____ Provided material

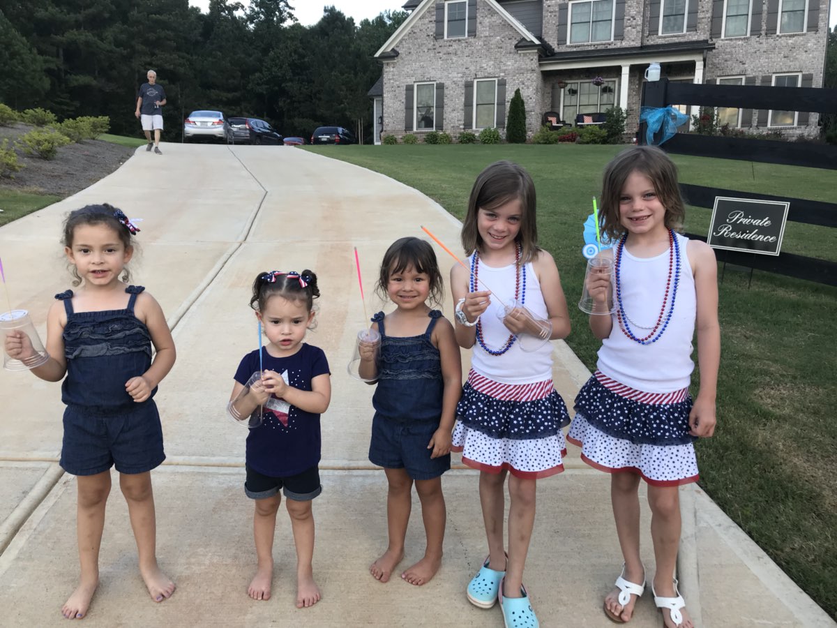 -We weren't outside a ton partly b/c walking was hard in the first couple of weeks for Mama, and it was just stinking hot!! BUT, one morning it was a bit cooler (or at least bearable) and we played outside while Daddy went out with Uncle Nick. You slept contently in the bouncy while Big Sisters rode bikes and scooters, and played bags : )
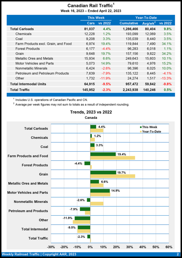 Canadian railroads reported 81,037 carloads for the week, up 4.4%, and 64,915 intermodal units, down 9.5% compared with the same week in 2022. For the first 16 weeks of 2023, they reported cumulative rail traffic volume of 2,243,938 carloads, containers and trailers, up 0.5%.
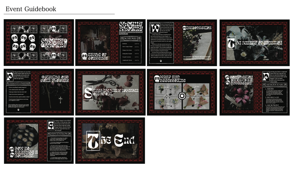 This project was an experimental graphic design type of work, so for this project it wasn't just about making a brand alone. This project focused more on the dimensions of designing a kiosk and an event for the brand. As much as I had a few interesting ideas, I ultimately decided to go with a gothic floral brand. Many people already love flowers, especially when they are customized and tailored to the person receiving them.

________
____ Provided material

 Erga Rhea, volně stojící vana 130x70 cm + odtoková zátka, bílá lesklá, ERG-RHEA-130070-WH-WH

________

> _Problem to solve_: Using the entries above, repeat exactly the lines from the one with "Canadian railroads reported" to the one with "This project was", both included, and leave the pictures behind.

> _Result of this task_:
 Canadian railroads reported 81,037 carloads for the week, up 4.4%, and 64,915 intermodal units, down 9.5% compared with the same week in 2022. For the first 16 weeks of 2023, they reported cumulative rail traffic volume of 2,243,938 carloads, containers and trailers, up 0.5%.
 This project was an experimental graphic design type of work, so for this project it wasn't just about making a brand alone. This project focused more on the dimensions of designing a kiosk and an event for the brand. As much as I had a few interesting ideas, I ultimately decided to go with a gothic floral brand. Many people already love flowers, especially when they are customized and tailored to the person receiving them.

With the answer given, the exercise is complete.